How Do I Know If I Have Epilepsy?
To decide if your "spells" are seizures, your doctor will:
- Take a detailed medical history (including a family history of seizures).
- Gather information about your behavior before, during, and after the episode. It is very important to have someone with you who witnessed the episode and can describe it to the doctor.
- Do a physical exam
These are tests that may be done:
- An electroencephalogram (EEG) to identify any abnormal electrical misfiring in the brain and help predict the risk of future seizures
- Brain imaging tests such as an MRI or CT scan to help narrow down a possible treatable cause
- A spinal tap if an infectious cause, such as meningitis, is suspected
What Are the Treatments for Seizures?
When a specific cause of the seizure is identified -- such as infection or low blood sugar -- treatment of that underlying condition often prevents seizures from recurring. If the underlying cause is not fully treatable or is unknown, treatment with anti-seizure (anticonvulsant) medications may be recommended.
Medications for Epilepsy
Anticonvulsant drugs can eliminate or reduce recurrent seizures. The choice of medication is based on the specific seizure type and pattern. Often, a single drug is used, but sometimes a combination may be necessary.
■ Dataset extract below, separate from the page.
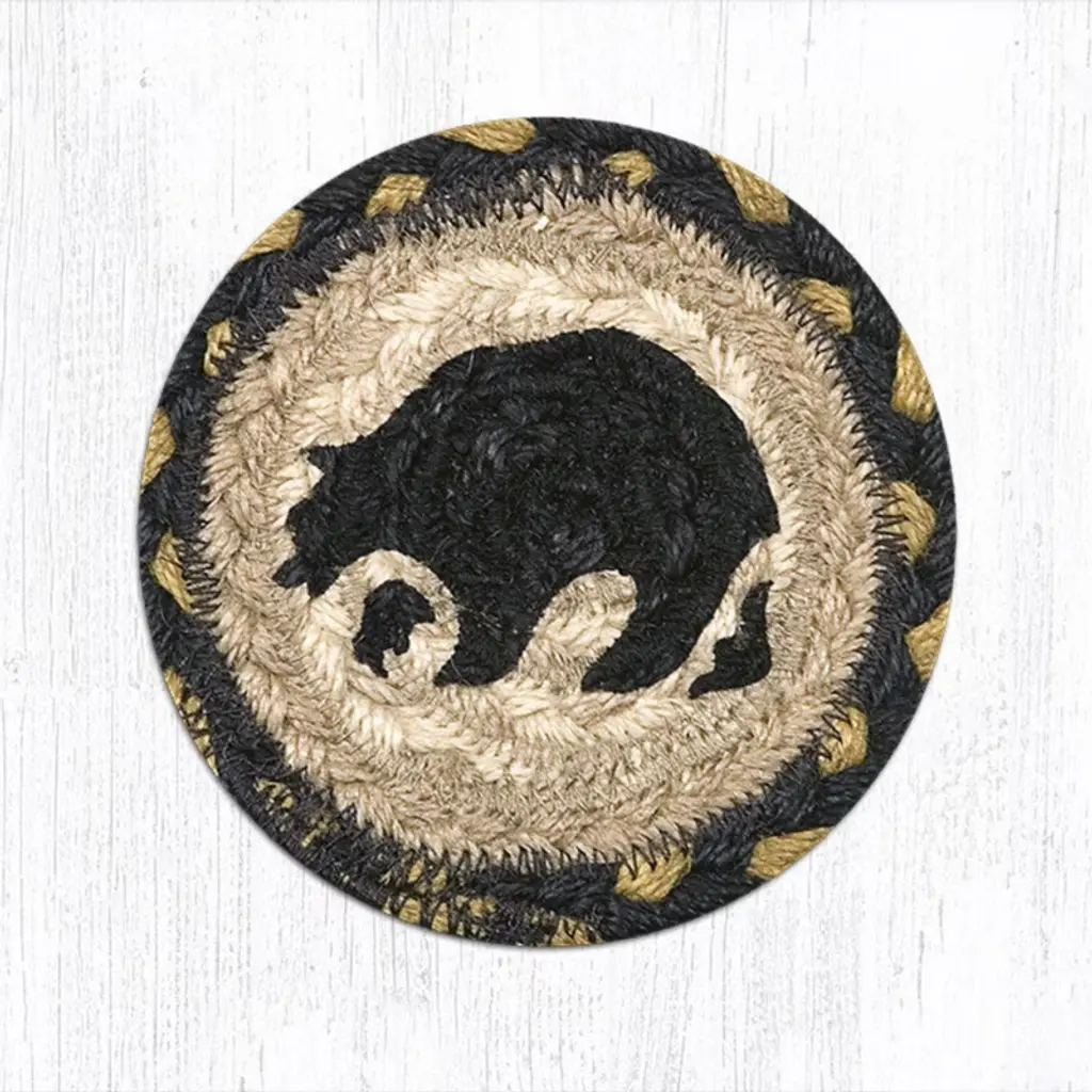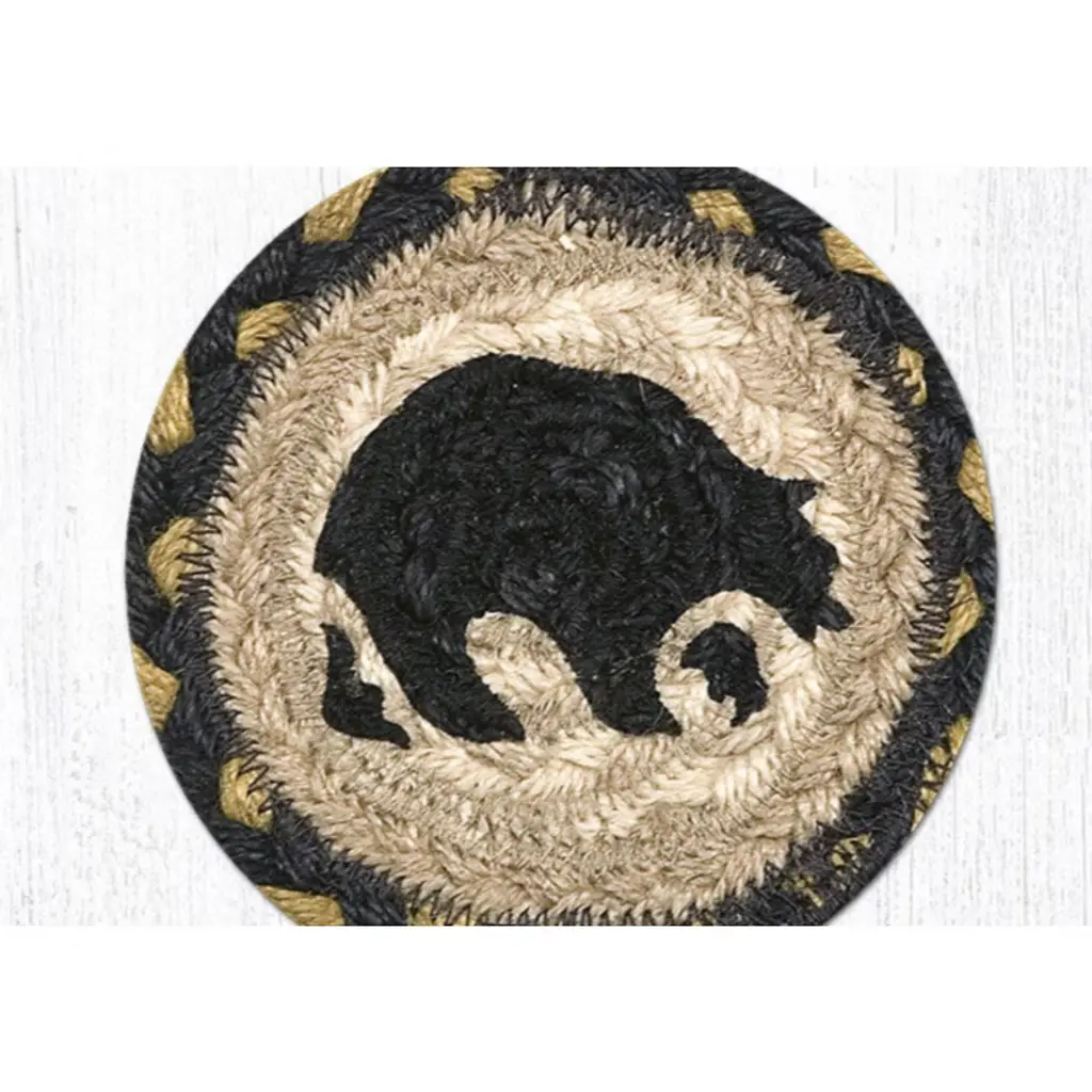 Earth Rugs Bear Printed Coaster – 5"x5" Rustic Cabin Decor With Braided Jute And Nature-inspired Wildlife Design

Anticonvulsant drugs include:
- Eslicarbazepine acetate (Aptiom)
- Carbamazepine (Tegretol)
- Divalproex sodium (Depakote)
- Fycompa (Perampanel)
- Gabapentin (Neurontin)
- Lacosamide (Vimpat)
- Lamotrigine (Lamictal)
- Levetiracetam (Keppra)
- Oxcarbazepine (Trileptal)
- Oxteller XR (oxcarbazepine)
- Phenytoin (Dilantin)
- Pregabalin (Lyrica)
- Primidone (Mysoline)
- Tiagabine (Gabitril)
- Topiramate (Topamax)
- Valproic acid (Depakene)
- Vigabatrin (Sabril)
- Zonisamide (Zonegran)
For some drugs, your doctor may test your blood to check that you have the right amount of medication in your blood so that it is reaching your brain. Blood tests can also make sure drugs are not affecting your kidneys or liver. Some people may be able to stop taking medication once their seizures have been under control for at least a year.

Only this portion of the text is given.